Below are some entries. Repeat exactly the lines from the one with "2021年3月23日-28日" through the one with "2154 Sperry '23: Tertiary", and only those.

* **RECORDS FOR THE TASK**
○ ○ ○

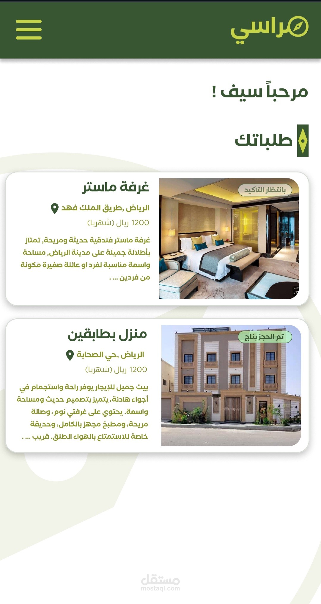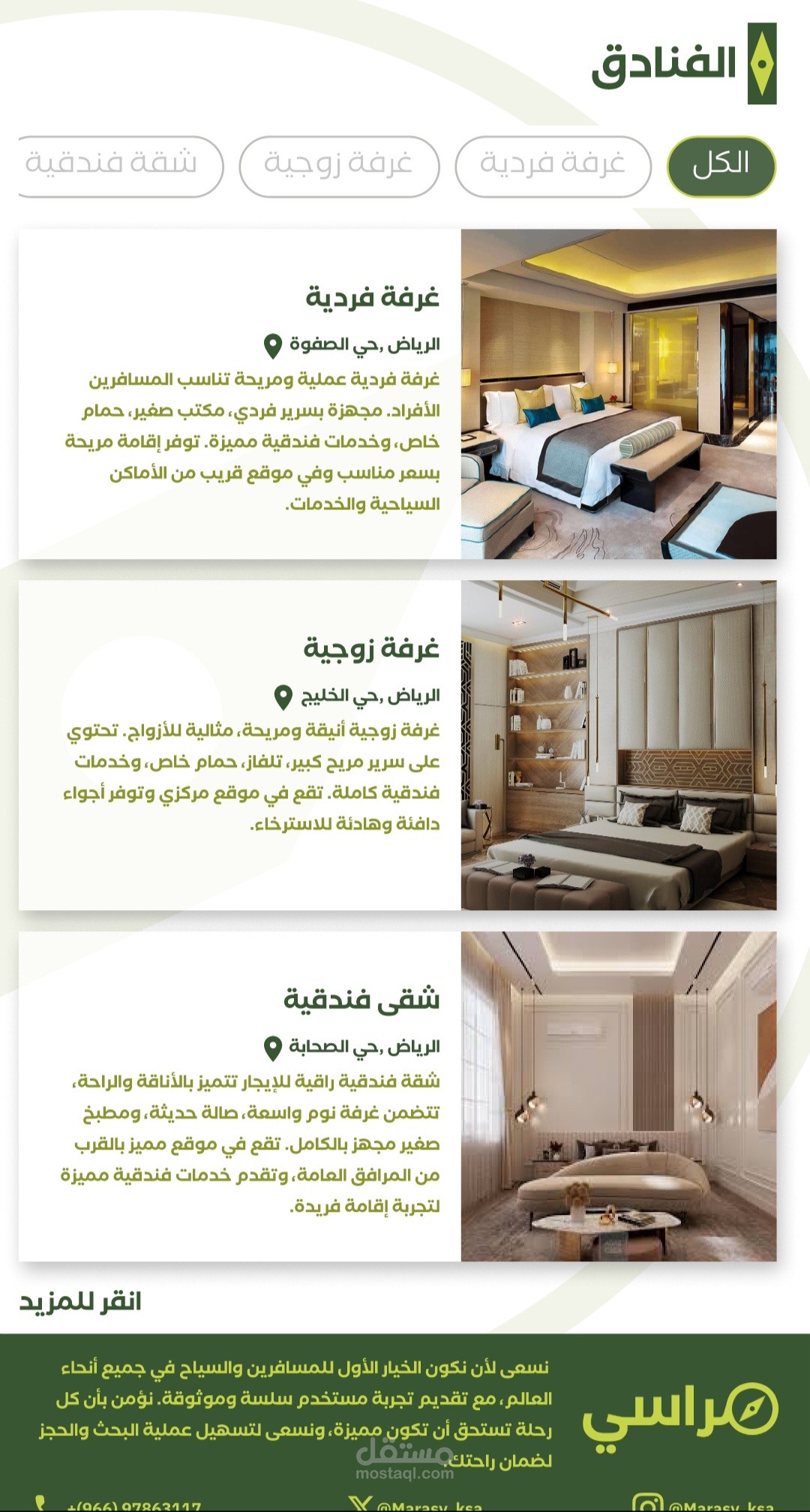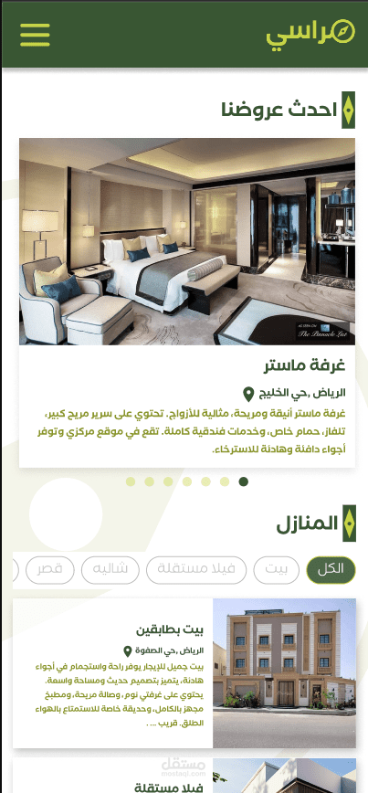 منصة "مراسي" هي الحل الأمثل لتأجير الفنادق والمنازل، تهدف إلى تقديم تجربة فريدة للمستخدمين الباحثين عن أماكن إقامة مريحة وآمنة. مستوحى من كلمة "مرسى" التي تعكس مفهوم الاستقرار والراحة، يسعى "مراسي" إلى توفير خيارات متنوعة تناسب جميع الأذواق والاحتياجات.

○ ○ ○

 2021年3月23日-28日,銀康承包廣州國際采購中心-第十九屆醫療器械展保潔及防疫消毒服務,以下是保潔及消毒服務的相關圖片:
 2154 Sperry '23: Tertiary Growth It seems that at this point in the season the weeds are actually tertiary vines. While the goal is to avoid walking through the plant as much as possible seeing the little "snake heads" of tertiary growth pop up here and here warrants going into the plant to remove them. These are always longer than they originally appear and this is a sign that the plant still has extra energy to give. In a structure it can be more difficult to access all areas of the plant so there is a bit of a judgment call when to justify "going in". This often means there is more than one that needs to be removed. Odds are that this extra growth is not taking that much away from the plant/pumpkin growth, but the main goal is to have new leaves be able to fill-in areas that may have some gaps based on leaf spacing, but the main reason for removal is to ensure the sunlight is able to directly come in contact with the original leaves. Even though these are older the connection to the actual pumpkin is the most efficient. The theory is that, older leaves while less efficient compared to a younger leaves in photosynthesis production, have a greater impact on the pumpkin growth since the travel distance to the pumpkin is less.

○ ○ ○

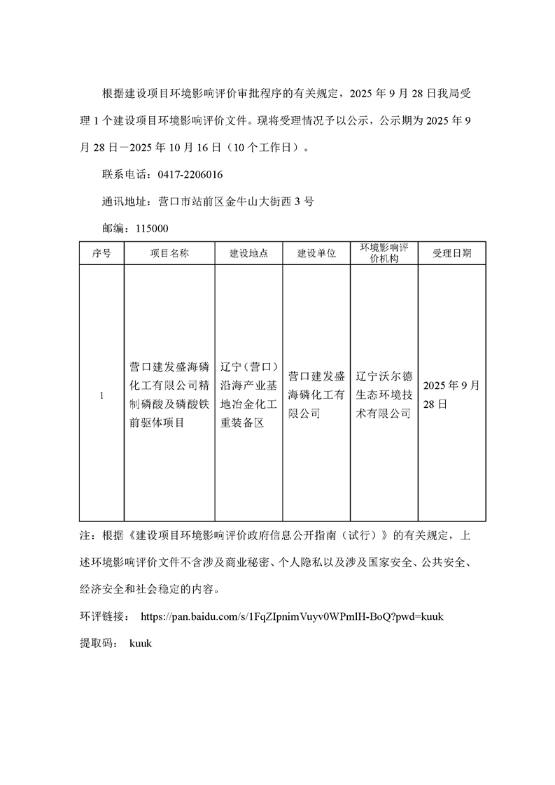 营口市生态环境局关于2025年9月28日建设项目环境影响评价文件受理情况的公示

○ ○ ○

* **EXPECTED ANSWER**
 2021年3月23日-28日,銀康承包廣州國際采購中心-第十九屆醫療器械展保潔及防疫消毒服務,以下是保潔及消毒服務的相關圖片:
 2154 Sperry '23: Tertiary Growth It seems that at this point in the season the weeds are actually tertiary vines. While the goal is to avoid walking through the plant as much as possible seeing the little "snake heads" of tertiary growth pop up here and here warrants going into the plant to remove them. These are always longer than they originally appear and this is a sign that the plant still has extra energy to give. In a structure it can be more difficult to access all areas of the plant so there is a bit of a judgment call when to justify "going in". This often means there is more than one that needs to be removed. Odds are that this extra growth is not taking that much away from the plant/pumpkin growth, but the main goal is to have new leaves be able to fill-in areas that may have some gaps based on leaf spacing, but the main reason for removal is to ensure the sunlight is able to directly come in contact with the original leaves. Even though these are older the connection to the actual pumpkin is the most efficient. The theory is that, older leaves while less efficient compared to a younger leaves in photosynthesis production, have a greater impact on the pumpkin growth since the travel distance to the pumpkin is less.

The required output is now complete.